Price (as tested): $1,741
CPU: AMD Ryzen 5 PRO 6650H Processor
GPU: AMD Radeon RX 6500M 
Storage: 512GB SSD
Display: 16-inch, 1920 x 1200-pixel IPS display
Battery: 14:38
Size: 13.95 x 9.35 x 0.63 inches
Weight: 4 pounds  

I’ve been on the hunt for a really good business laptop, and with the ThinkPad Z16 in my hands, I can finally end my search. It’s got a slick, dual-tone design: silver on the outside and dusky on the inside. And to Lenovo loyalists’ delight, the keyboard features the beloved, striking-red TrackPoint that will catch your eye every time you open the lid.

It’s also the perfect size for a business laptop. It’s not too small (like the compact machines on our best 13-inch laptops page), but it’s not ridiculously unwieldy like the 18-inch laptops that are gaining popularity nowadays — it’s juuuust right. 

However, I will admit that the ThinkPad Z16 is a bit heavier than I expected. But to be fair, Lenovo never marketed this laptop as a thin-and-light ultraportable. It’s a business laptop, which means it will likely be sitting on a desk for hours on end before it’s picked up and thrown inside a laptop bag.

The ThinkPad Z16 definitely earned a spot on our best business laptops page, but that doesn’t mean it’s perfect. Read on to find out how it excels and where it falters. 

Lenovo ThinkPad Z16 price and compatibility

The ThinkPad Z16 starts at $1,682 at Lenovo’s official website. It comes with an AMD Ryzen 5 Pro 6650H CPU, integrated AMD Radeon graphics, 16GB of DDR5 RAM, 256GB of SSD storage, a 16-inch, 1920 x 1200-pixel display, and Windows 11 Home.

My review unit, priced at $1,741.35, is a mid-tier configuration. It upgrades you to a 512GB SSD, an AMD Radeon RX 6500M GPU, and Windows 11 Pro.

The priciest variant ($2,397.85), packed with an AMD Ryzen Pro 6850H GPU, doubles your RAM to 32GB and gives you 2TB of SSD storage.

Lenovo ThinkPad Z16 design

The ThinkPad Z16 has the sexiest lip I’ve ever seen, giving Angelina Jolie and Kerry Washington a run for their money. This useful design perk acts as a lever, allowing me to easily lift the system’s lid.
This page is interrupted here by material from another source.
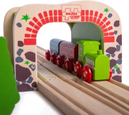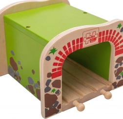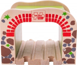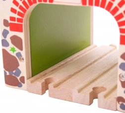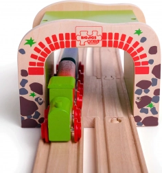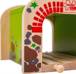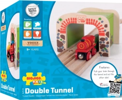 Drveni dvostruki tunel BIGJIGS RAIL donosi u svijet drvenih željezničkih pruga više akcije i glatkiji promet. Zahvaljujući dvokolosječnom prolazu istodobno mogu prolaziti dva vlakića, što potiče zajedničku igru i razvoj koordinacije. Čvrsta konstrukcija i atraktivan motiv cigle i kamena daju pruzi realističan izgled.

At first glance, it just looks like a silverish oblong part that features the words “Z16” and “FHD f/2.0 Digital Mic Array” on opposite ends, but it actually serves a purpose.

Lenovo ThinkPad Z16

Lenovo ThinkPad Z16 (Image credit: Future)

It’s worth noting that the words are highlighting the shooter’s specs. I’m not sure how I feel about Lenovo rattling off the webcam’s aperture on the lid, but like I said, the pill-shaped lip is cute enough to overshadow the idiosyncrasies.
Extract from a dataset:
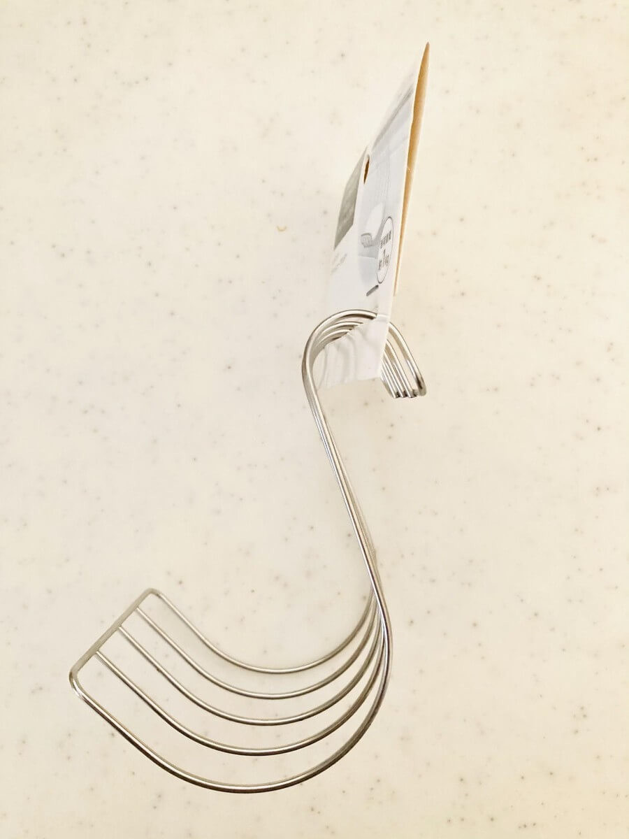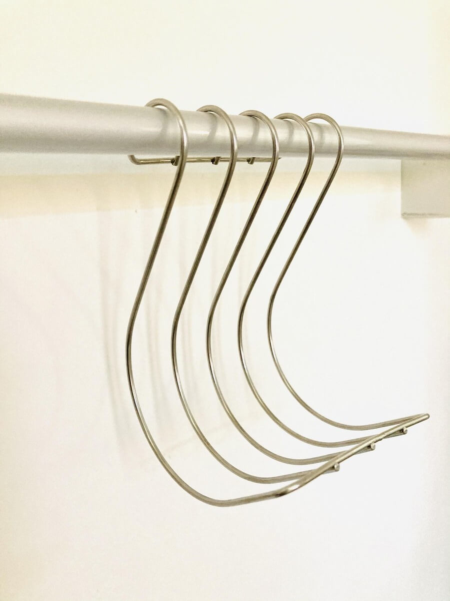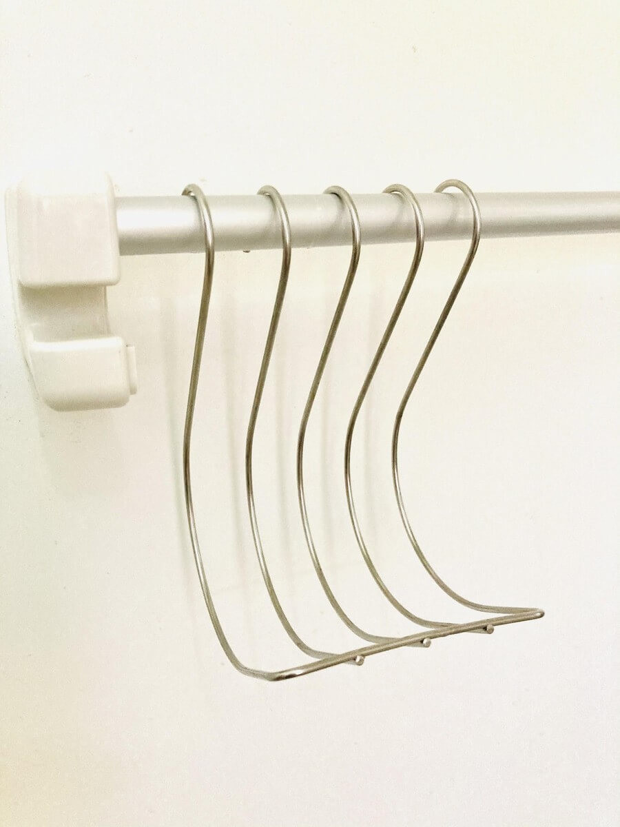 商品を真横から見ると...上部はS字フックのように大きくカーブを描いていますが、石けん置きの部分は英語の「J」のように先がストレートになっています。石けんを取りやすい形になっていました。

You’ll find the word “ThinkPad” sprawled across the top left corner of the lid, too, and when the laptop is on, the dot on the “i” blinks red. On the bottom right corner of the lid, you’ll find a stamp of the Lenovo insignia. 

Open the lid and you’ll be surprised that the onyx deck doesn’t match the external silver chassis. You’ll also find an island-style keyboard flanked by a set of dual speakers. Directly under the spacebar, you’ll find the touchpad that sits flush against the deck. 

Up top, the display’s bezels are thin(except for the top bezel), which features the lip that juts out to house a 1080p webcam. On the underside, you’ll find three rubber feet, giving the vent — that takes up nearly a half of the laptop’s bottom — space to breathe.

Lenovo ThinkPad Z16

Lenovo ThinkPad Z16 (Image credit: Future)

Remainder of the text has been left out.